New government policies and the party conference

New government policies and the party conference

 

The Tory Party Conference has been taking place in Manchester, with several announcements being made that are relevant to the criminal justice system.

 

Wayne Couzens and violence against women

 

Wayne Couzens, the former police officer who pleaded guilty to the murder of Sarah Everard, was sentenced to a whole life term last week. Priti Patel, the Home Secretary, has announced an independent inquiry into the “systematic failures” that allowed Couzens his continued employment as a police officer.

 

The first part of the report is expected within six months. It will focus on how Couzens could join the Metropolitan police even though he had been linked to a previous incidence of indecent exposure and being known at his last force as “the rapist”. The report will also consider any missed opportunities to look into his behaviour and will also look at whether there is a culture within Scotland Yard, akin to a ‘boys’ club’ that stopped colleagues from reporting him. A definitive account of Couzens’ conduct leading up to the murder will also be established.

 

The second part of the report will look at specific issues raised by the first report and consider the changes that may need to be made in areas such as professional standards, vetting practices and workplace behaviour.

 

Additionally, the Home Secretary will write to the independent police inspectorate to commission an inspection of vetting and counter-corruption procedures in policing. As part of the inspection, there will be a requirement to look at forces’ ability to detect and deal with misogynistic and predatory behaviour. The initial findings will be expected by the end of the year in order to inform the Couzens’ inquiry.

 

The former chief constable of Greater Manchester police said that the police service needed to be looked at in a much more fundamental way.

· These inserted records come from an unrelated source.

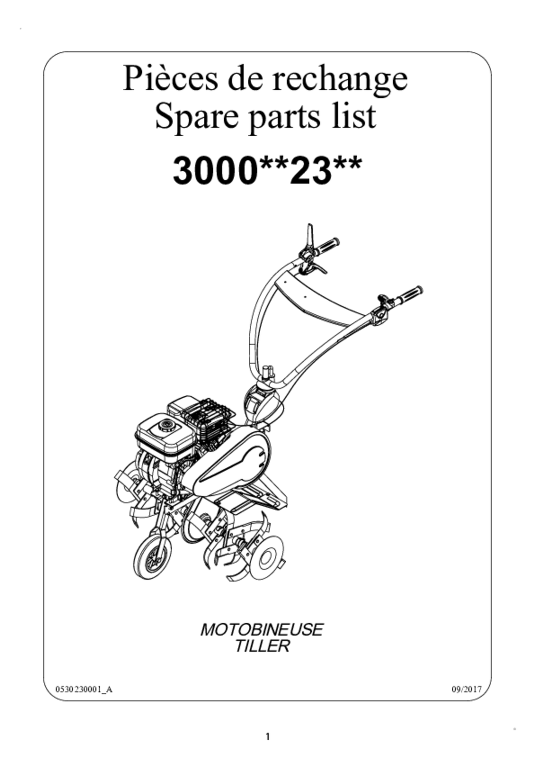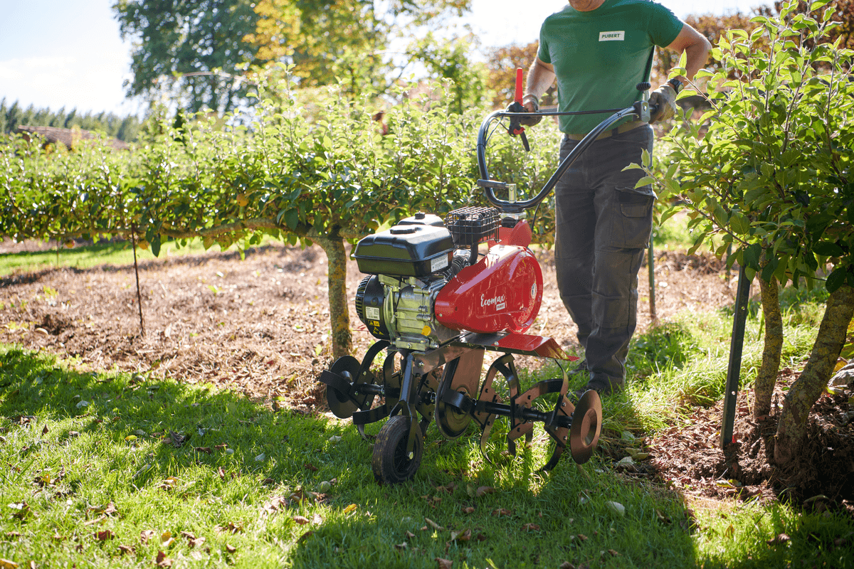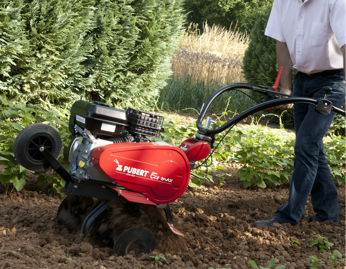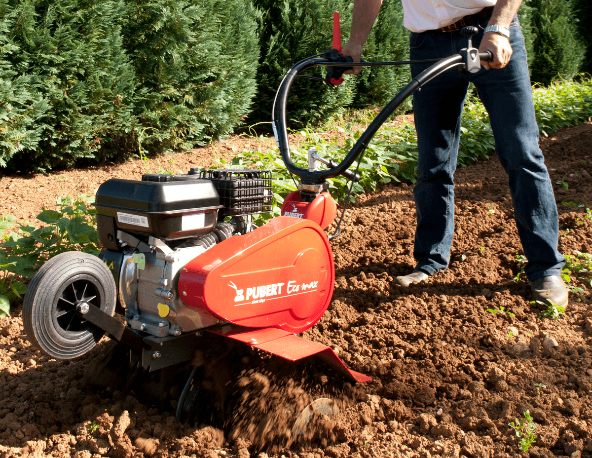 Moteur PUBERT R80. 79 cc. 1 vitesse AV et 1 AR. 4 fraises Ø 285 mm. Roue AV escamotable. Béquille de...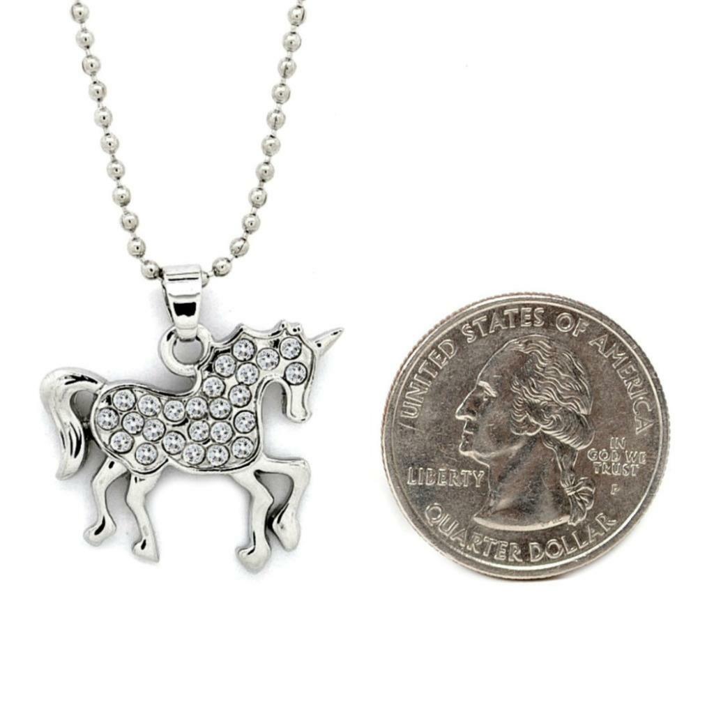 как выглядит SPARKLING UNICORN NECKLACE 1" Charm 17" Ball Chain Crystal Pendant Bling Jewelry фото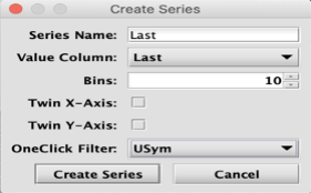 In this example, we will name the series "Last", then select Last as the Value Column. Then, we can enter 10 in the Bins field to include 10 intervals in the histogram. We'll also click in the OneClick Filter drop-down menu and select USym. Then click Create Series.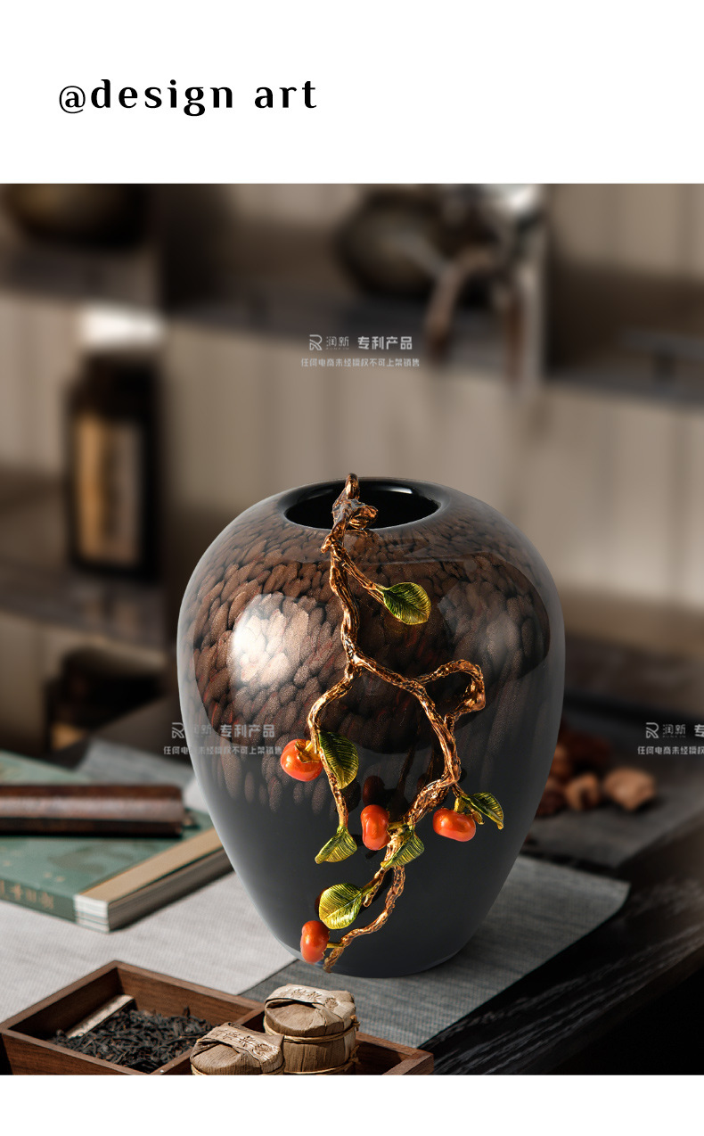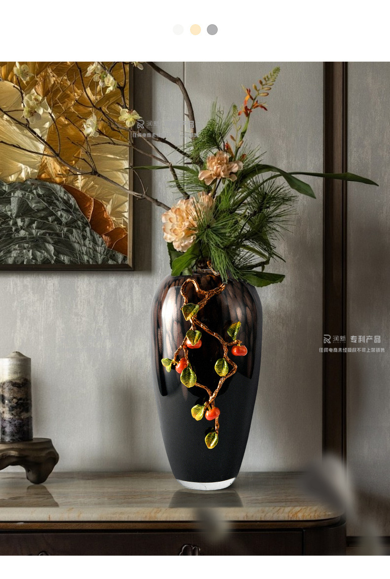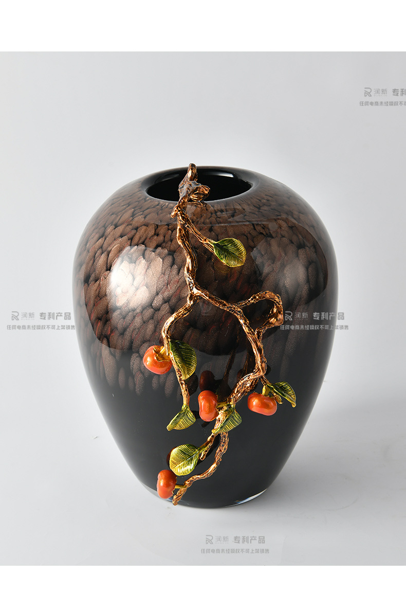 living room tv cabinet wine cabinet entrance decoration high-grade flower arrangement decoration housewarming gifts enamel persimmon vase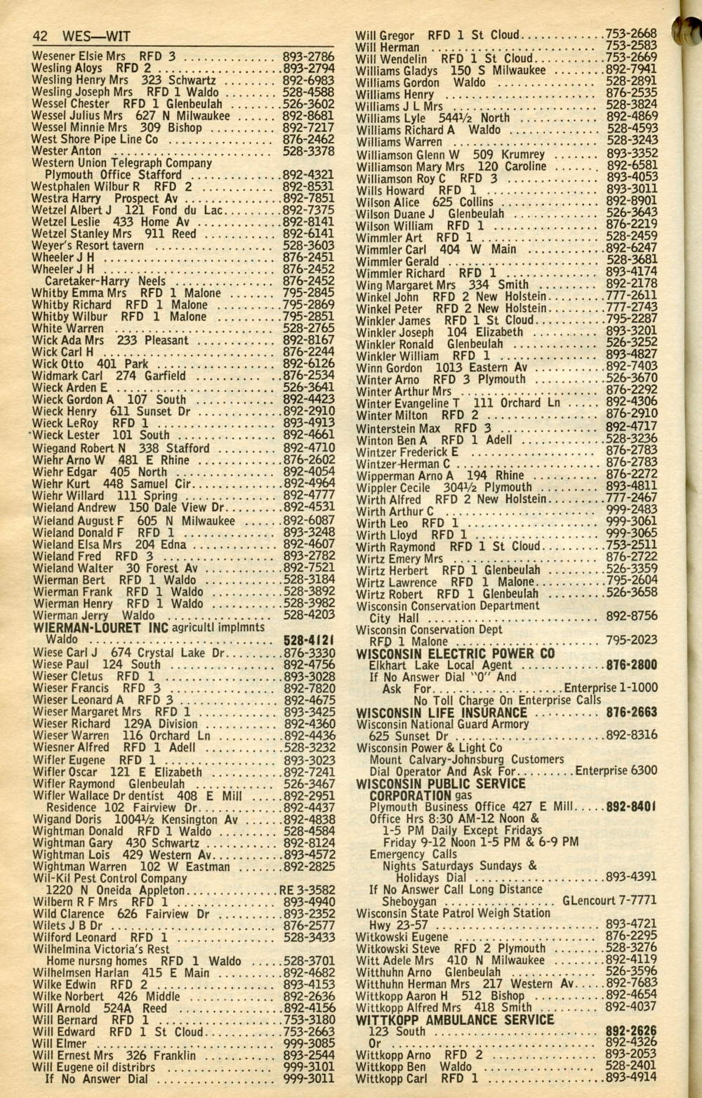 1965 General Telephone Company Telephone Book Page 42: Wesener - Wittkopp.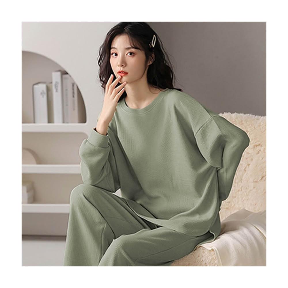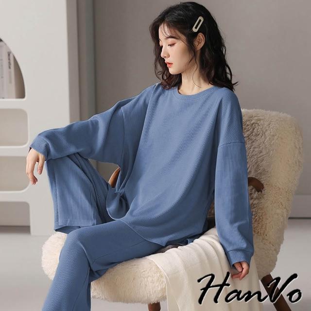 HanVo現貨 華夫格圓領長袖長褲居家睡衣(親膚寬鬆柔軟舒適休閒套裝 日常居家服 女生衣著 A08-5975)

He argued that issues of vetting workplace behaviour and professional standards could not be considered in isolation, and the scope needed to be much wider.

 

A spate of high profile offences against women, such as Sarah Everard’s murder, led to protests and calls for the dangers to women to be taken seriously. Crimes that take place in public places, such as sexual harassment, disproportionately affect women.

 

The latest round of the Safer Streets Fund has a particular emphasis on the safety of women and girls. Police forces and local authorities are to receive a share of £23.5 million, to be spent in the financial year 2021 to 2022, to make public spaces safer. The recipients of the funding include projects which emphasise changing attitudes and behaviours in local communities.

 

The Prime Minister has announced the launch of a taskforce to drive cross-government action on tackling violence against women and girls. The task force will consider recommendations from the Inspectorate’s review of the police’s response to violence against women and girls, and the tackling violence against women and girls’ strategy, the end-to-end rape review and the domestic abuse strategy referred to below.

 

A stand-alone domestic abuse strategy, said to be the first of its kind, will be launched later this year to include a review of police management of registered sex offenders; they will be prevented from returning to the communities where the offences were committed.

 

Virginity testing on women and girls will also be outlawed, described as a “barbaric, medieval and invasive practice exclusively performed on women”.

 

Immigration

 

The current maximum penalty for entering the UK illegally is six months imprisonment. The maximum penalty is to be increased to four years imprisonment, meaning that the offence can be dealt with at the Crown Court and the Magistrates’ Court. The maximum sentence for people smugglers will also increase from fourteen years imprisonment to life.

 

With a “New Plan for Immigration”, the government says it intends to be firm but fair. It will provide a “one-stop” shop to tackle the current system of multiple claims and appeals, which the government says frequently frustrates removal. The new laws will also speed up the removal of those with no right to remain, with the method of arrival in the UK impacting how a claim is processed.

 

The Home Secretary also stated that they were seeking to implement new sea tactics to allow boats of asylum seekers to be turned back before reaching the UK coast. First introduced in Australia in 2001, this is a controversial policy with many opponents; the UN Special Rapporteur in Human Rights of Migrants calls it a “cruel and deadly” practice.

 

The Strait of Dover is one of the busiest shipping routes in the world, meaning that turning boats back, especially small ones, could be extremely dangerous. The UN Convention on the Law of the Sea 1982, Article 98, provides that every state requires its ships to render assistance to any person found at sea in danger of being lost. Arguably this would apply to those trying to make the journey to the UK in boats and dinghies. France, the obvious place that boats would be returned to, has said that they would not accept any practice that would breach the law of the sea, indicating that a policy of turning back boats would break international law.

 

It is not yet known how the government proposes to carry out this policy lawfully. Claims have been made that it can utilise the practice lawfully in a specific and limited way but have not yet set out what that is.

 

Many people believe that there is a policy in which asylum seekers have to seek asylum in the first safe country they arrive in. There is an EU law called Dublin III, the regulation’s purpose is to ensure an asylum application is only considered by one of the participating states. It also sets a hierarchy for determining which state should be responsible for considering an asylum application. However, the UK is not part of this arrangement and has not agreed on any scheme to replace it. In any event, the regulation gave greater importance to family reunion than which country an asylum seeker first entered.